YOUR GOAL: Could you set down the records below exactly as they are, with no pictures?

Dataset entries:
------------------------------------
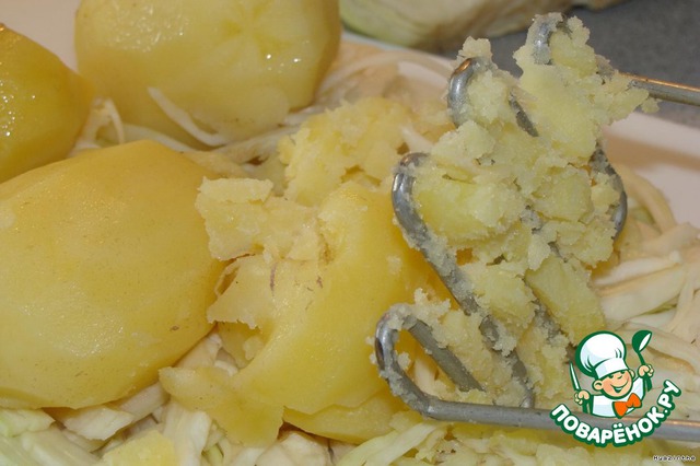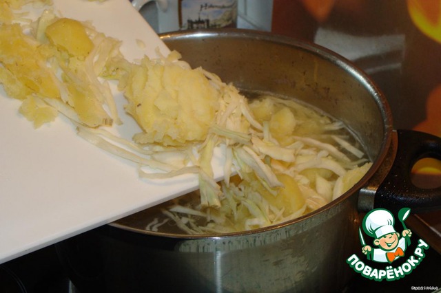 Капусту шинкуем. Минут через 20 вынимаем морковь и картофель (должен быть недоваренным), картофель [b]слегка[/b] толчем на капусте (я чаще делаю это прямо в кастрюле).
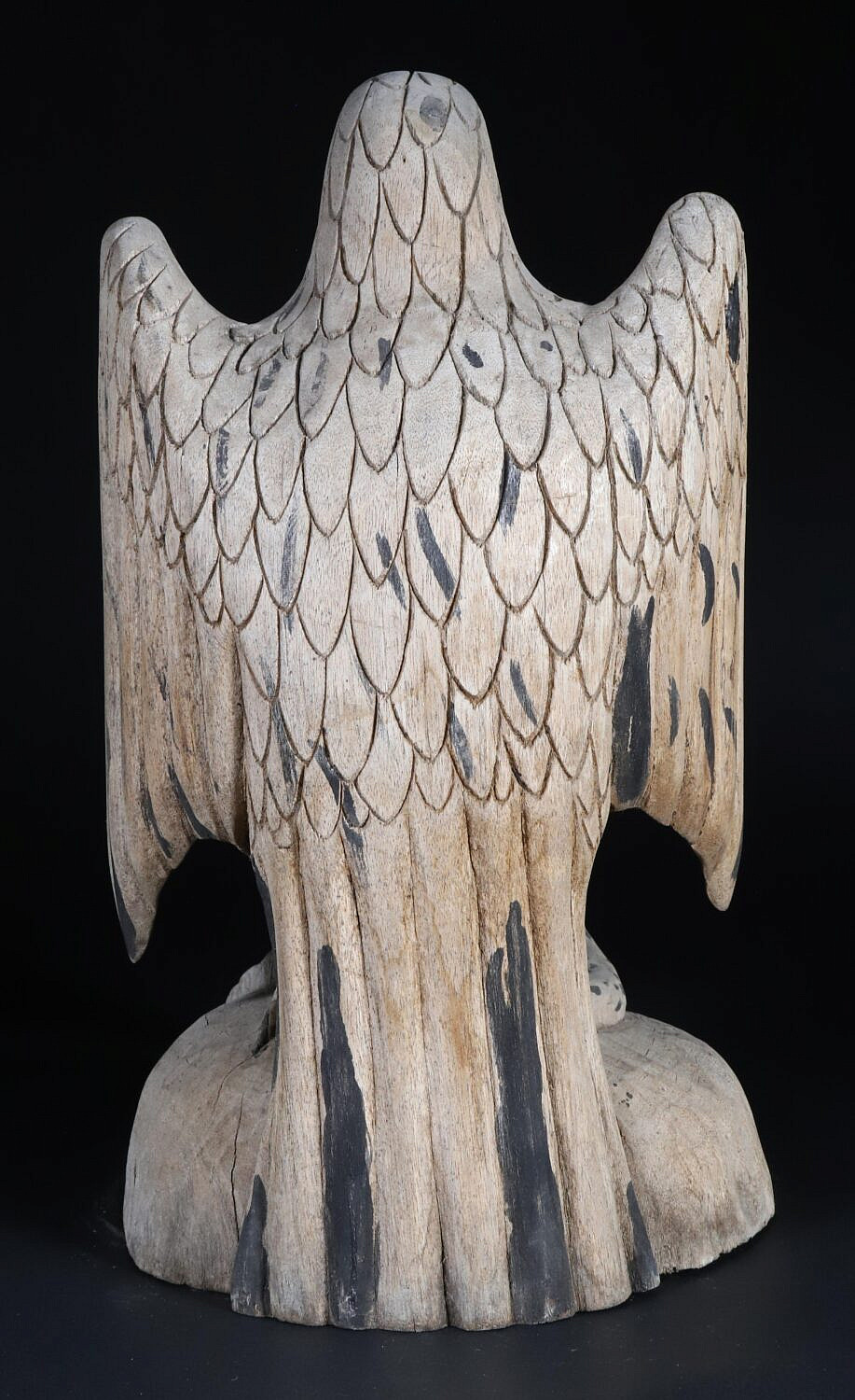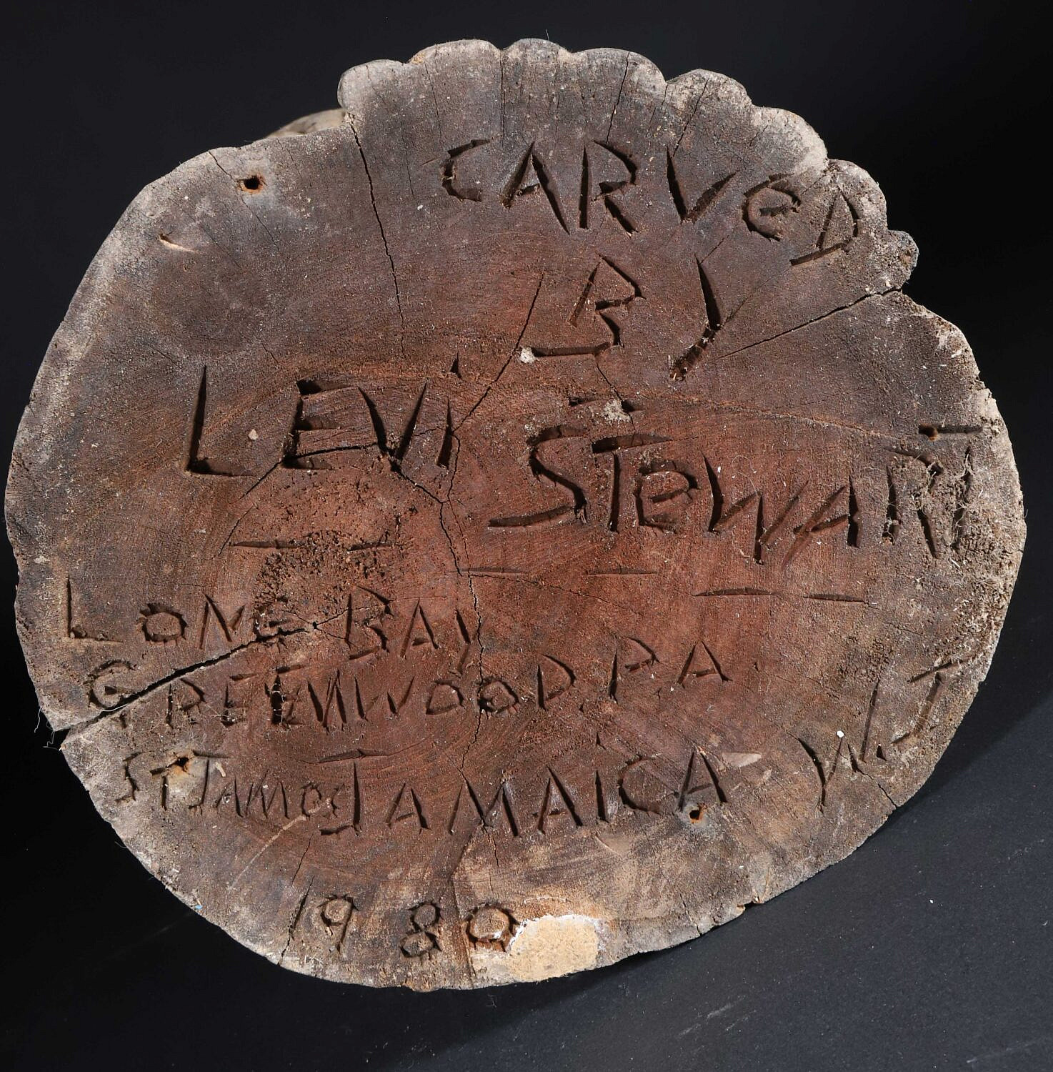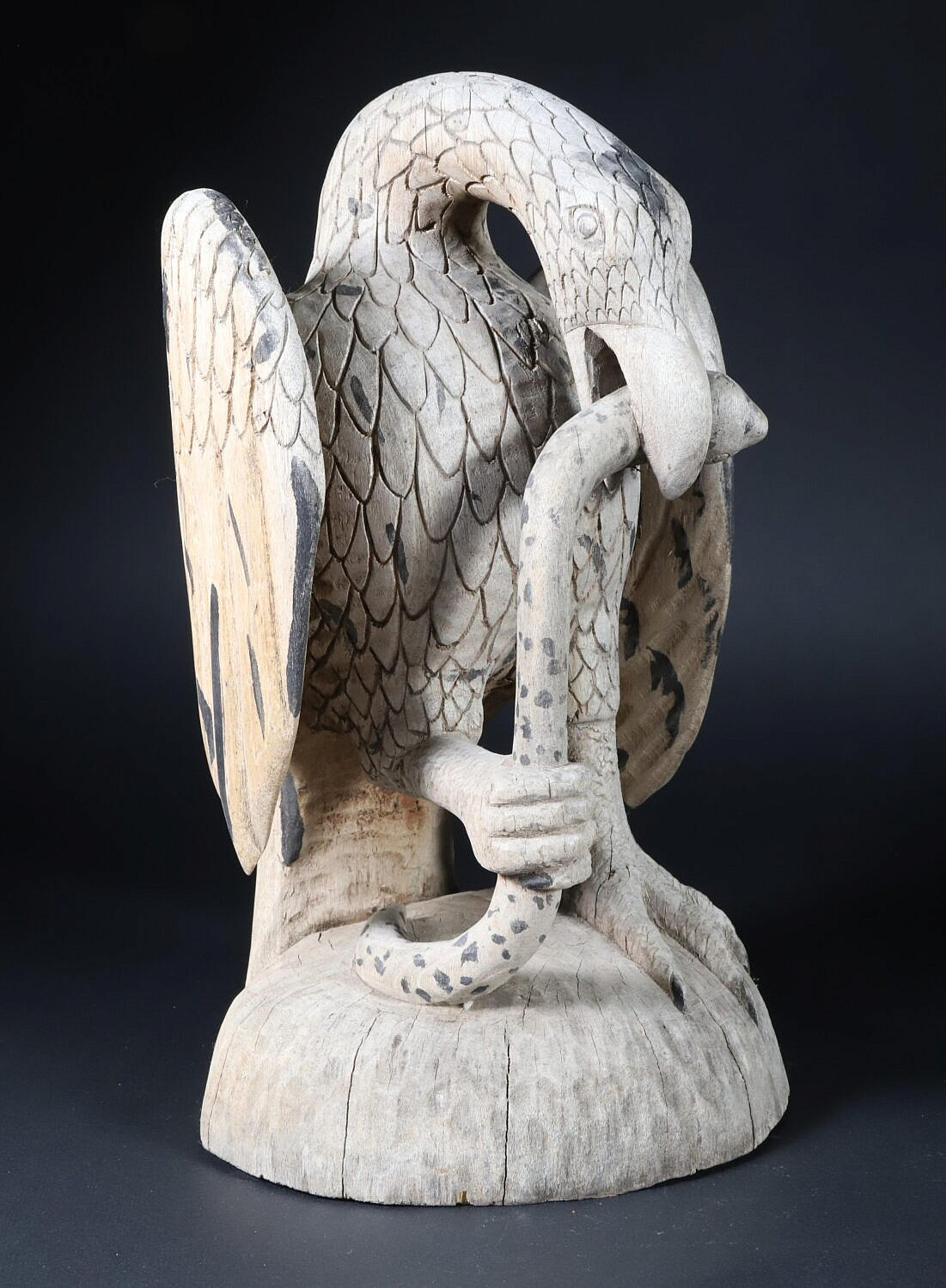 Levi Stewart Carved Eagle with Snake, circa 1980, standing eagle in full control of a snake; black painted highlights; the base is carved with the inscription: Carved by Levi Stewart, Long Bay Greenwood PA St. James Jamaica W.I. 1980
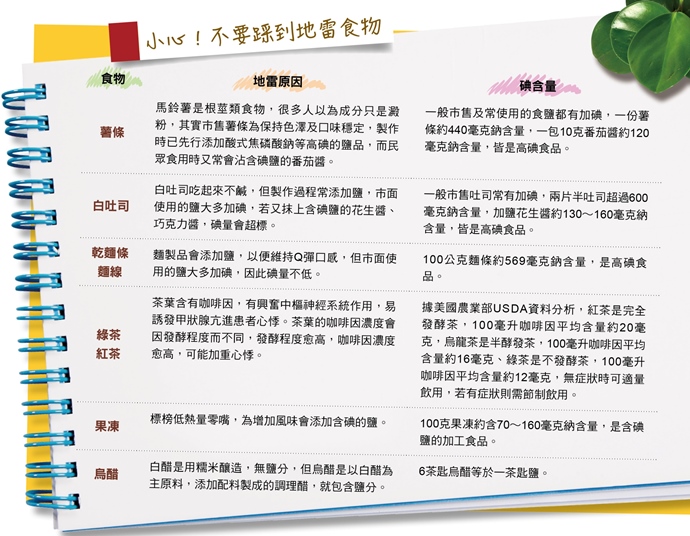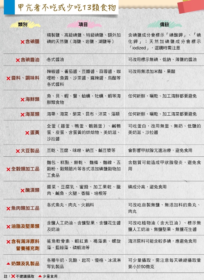 甲狀腺亢進患者建議食用無碘鹽或低碘食鹽,購買時,需查閱營養標示。
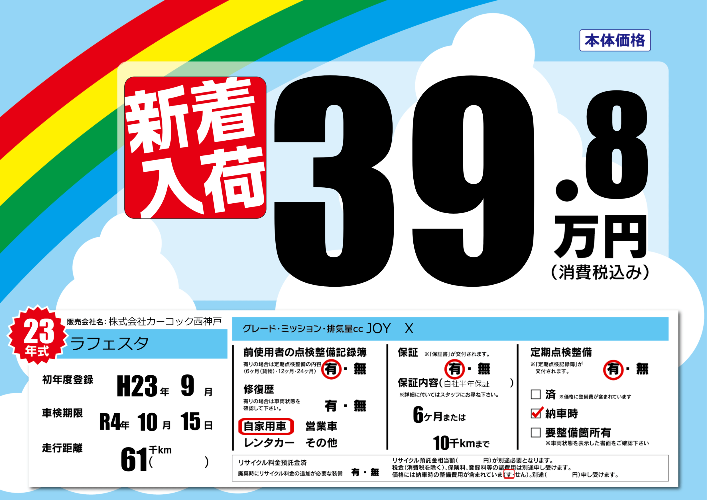 | 走行キロ | 6.1万km | 初年度登録 | H23年9月 |
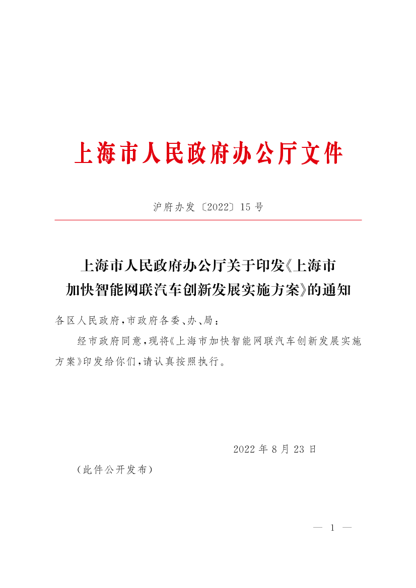 ??經(jīng)市政府同意,現(xiàn)將《上海市加快智能網(wǎng)聯(lián)汽車創(chuàng)新發(fā)展實(shí)施方案》印發(fā)給你們,請(qǐng)認(rèn)真按照?qǐng)?zhí)行。
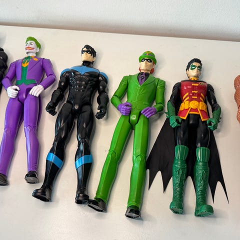 Marvel actionfigurer sett med 12 ulike karakterer inkludert Hulk, Iron Man, Black Panther, Joker, Wonder Woman og flere. Figurene varierer i størrelse og er laget av plastmateriale. Passer for samlere og som lekefigurer.
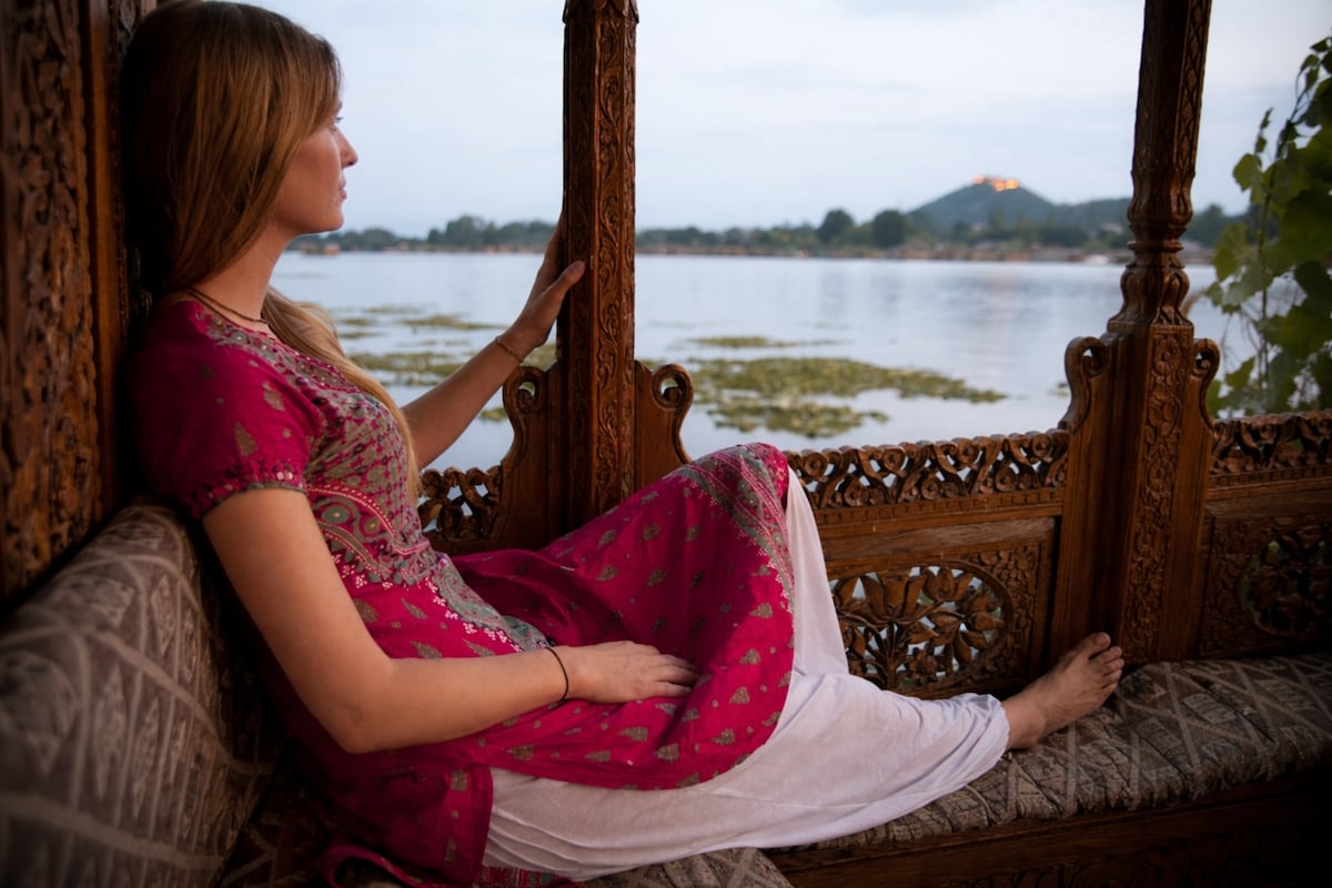 Enjoy the so Anchored on the bank of the idyllic Nigeen Lake Harmukh Houseboat is anything but a standard holiday home. Traditional wood panelled interiors opulent ceilings intricately carved details and plush hand-woven carpets give you a glimpse of Kashmir’s rich heritage Comprising two comfortable ensuite bedrooms A marvellous dining room and a large living room take in splendid views of the lake and mountains from the front balcony or pick up local goods from passing shikaras.
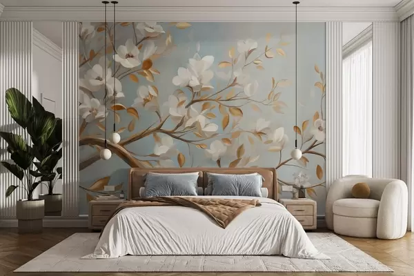 Fotomurales Rama de árbol con textura, flores blancas y hojas amarillas, estilo vintage Nr. w09814
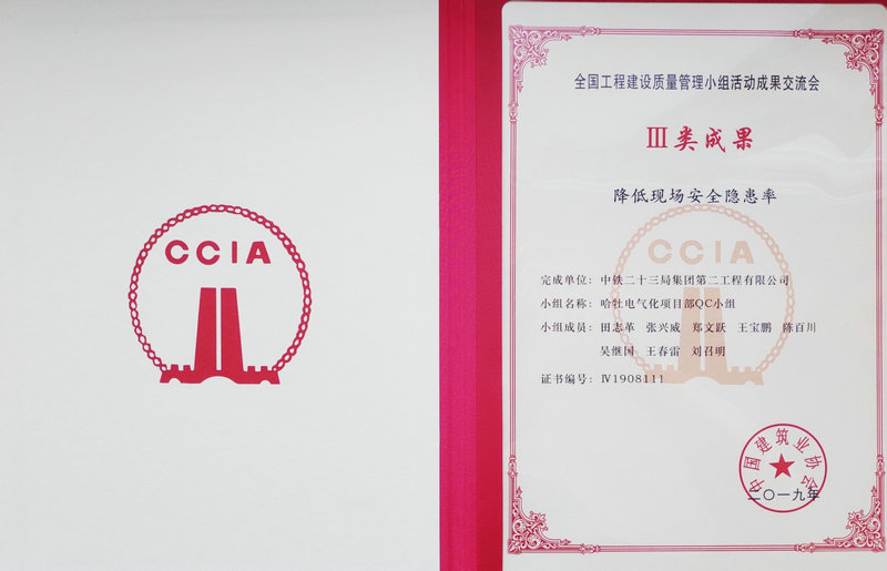 7月12日,從中國建筑業(yè)協(xié)會主辦的2019年全國工程建設質(zhì)量管理小組活動成果交流會傳來消息,中鐵二十三局集團二公司承建的哈牡電氣化鐵路改造項目,濱綏線K9果園街公鐵立交橋工程QC小組,《降低現(xiàn)場安全隱患率》研究成果獲得三類成果獎。
------------------------------------
SOLVED EXERCISE:
 Капусту шинкуем. Минут через 20 вынимаем морковь и картофель (должен быть недоваренным), картофель [b]слегка[/b] толчем на капусте (я чаще делаю это прямо в кастрюле).
 Levi Stewart Carved Eagle with Snake, circa 1980, standing eagle in full control of a snake; black painted highlights; the base is carved with the inscription: Carved by Levi Stewart, Long Bay Greenwood PA St. James Jamaica W.I. 1980
 甲狀腺亢進患者建議食用無碘鹽或低碘食鹽,購買時,需查閱營養標示。
 | 走行キロ | 6.1万km | 初年度登録 | H23年9月 |
 ??經(jīng)市政府同意,現(xiàn)將《上海市加快智能網(wǎng)聯(lián)汽車創(chuàng)新發(fā)展實(shí)施方案》印發(fā)給你們,請(qǐng)認(rèn)真按照?qǐng)?zhí)行。
 Marvel actionfigurer sett med 12 ulike karakterer inkludert Hulk, Iron Man, Black Panther, Joker, Wonder Woman og flere. Figurene varierer i størrelse og er laget av plastmateriale. Passer for samlere og som lekefigurer.
 Enjoy the so Anchored on the bank of the idyllic Nigeen Lake Harmukh Houseboat is anything but a standard holiday home. Traditional wood panelled interiors opulent ceilings intricately carved details and plush hand-woven carpets give you a glimpse of Kashmir’s rich heritage Comprising two comfortable ensuite bedrooms A marvellous dining room and a large living room take in splendid views of the lake and mountains from the front balcony or pick up local goods from passing shikaras.
 Fotomurales Rama de árbol con textura, flores blancas y hojas amarillas, estilo vintage Nr. w09814
 7月12日,從中國建筑業(yè)協(xié)會主辦的2019年全國工程建設質(zhì)量管理小組活動成果交流會傳來消息,中鐵二十三局集團二公司承建的哈牡電氣化鐵路改造項目,濱綏線K9果園街公鐵立交橋工程QC小組,《降低現(xiàn)場安全隱患率》研究成果獲得三類成果獎。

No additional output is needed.